_Activity_: Could you restate the entries word for word, without the images?

_Dataset records_:
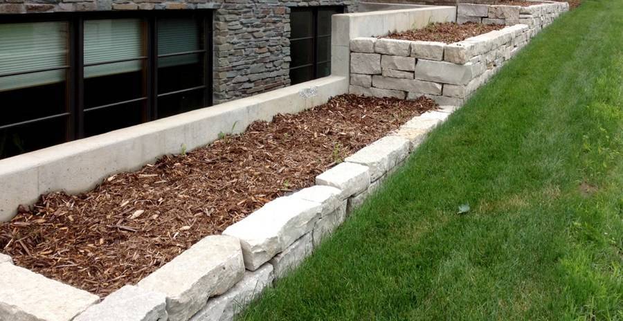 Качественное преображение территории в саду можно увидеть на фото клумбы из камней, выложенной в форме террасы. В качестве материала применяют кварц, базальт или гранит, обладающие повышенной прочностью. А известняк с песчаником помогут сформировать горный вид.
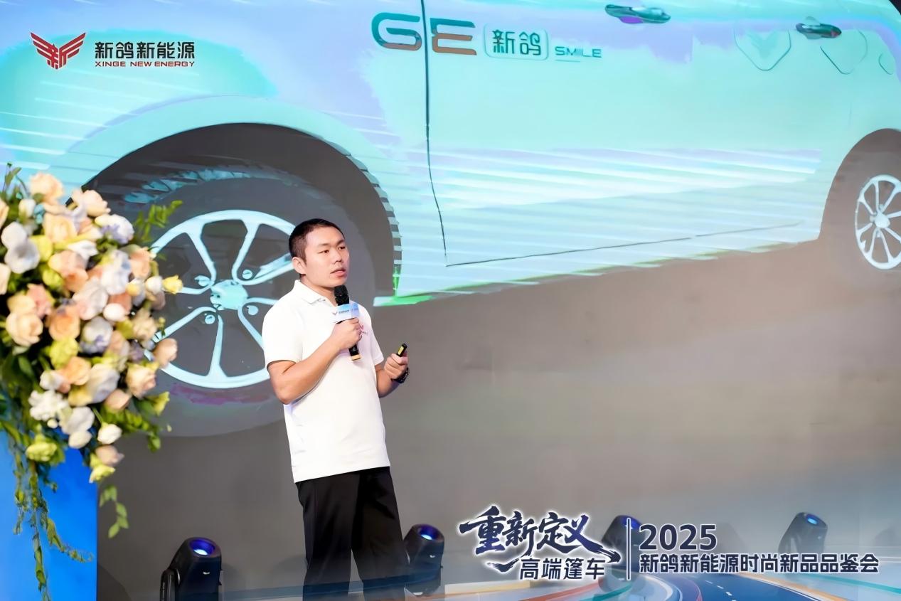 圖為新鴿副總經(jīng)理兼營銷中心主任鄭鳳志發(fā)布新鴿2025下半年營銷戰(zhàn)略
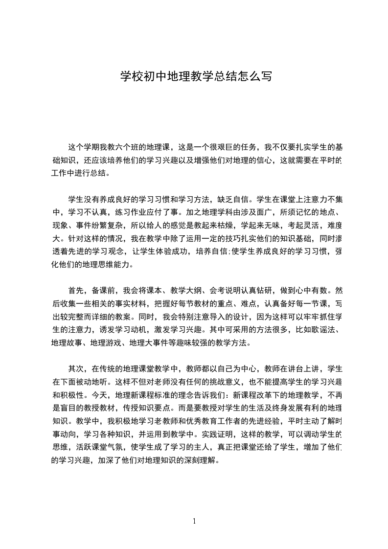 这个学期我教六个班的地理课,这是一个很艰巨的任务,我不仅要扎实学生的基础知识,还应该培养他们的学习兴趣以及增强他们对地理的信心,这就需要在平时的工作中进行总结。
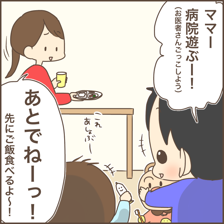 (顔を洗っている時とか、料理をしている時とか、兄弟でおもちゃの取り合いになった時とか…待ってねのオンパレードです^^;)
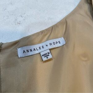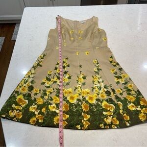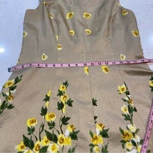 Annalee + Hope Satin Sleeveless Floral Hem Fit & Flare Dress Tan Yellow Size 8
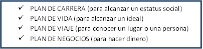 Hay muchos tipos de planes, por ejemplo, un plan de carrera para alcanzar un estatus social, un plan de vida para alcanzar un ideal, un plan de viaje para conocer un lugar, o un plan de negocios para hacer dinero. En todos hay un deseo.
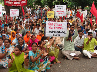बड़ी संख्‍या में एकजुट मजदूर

_Your solution_:
 Качественное преображение территории в саду можно увидеть на фото клумбы из камней, выложенной в форме террасы. В качестве материала применяют кварц, базальт или гранит, обладающие повышенной прочностью. А известняк с песчаником помогут сформировать горный вид.
 圖為新鴿副總經(jīng)理兼營銷中心主任鄭鳳志發(fā)布新鴿2025下半年營銷戰(zhàn)略
 这个学期我教六个班的地理课,这是一个很艰巨的任务,我不仅要扎实学生的基础知识,还应该培养他们的学习兴趣以及增强他们对地理的信心,这就需要在平时的工作中进行总结。
 (顔を洗っている時とか、料理をしている時とか、兄弟でおもちゃの取り合いになった時とか…待ってねのオンパレードです^^;)
 Annalee + Hope Satin Sleeveless Floral Hem Fit & Flare Dress Tan Yellow Size 8
 Hay muchos tipos de planes, por ejemplo, un plan de carrera para alcanzar un estatus social, un plan de vida para alcanzar un ideal, un plan de viaje para conocer un lugar, o un plan de negocios para hacer dinero. En todos hay un deseo.
बड़ी संख्‍या में एकजुट मजदूर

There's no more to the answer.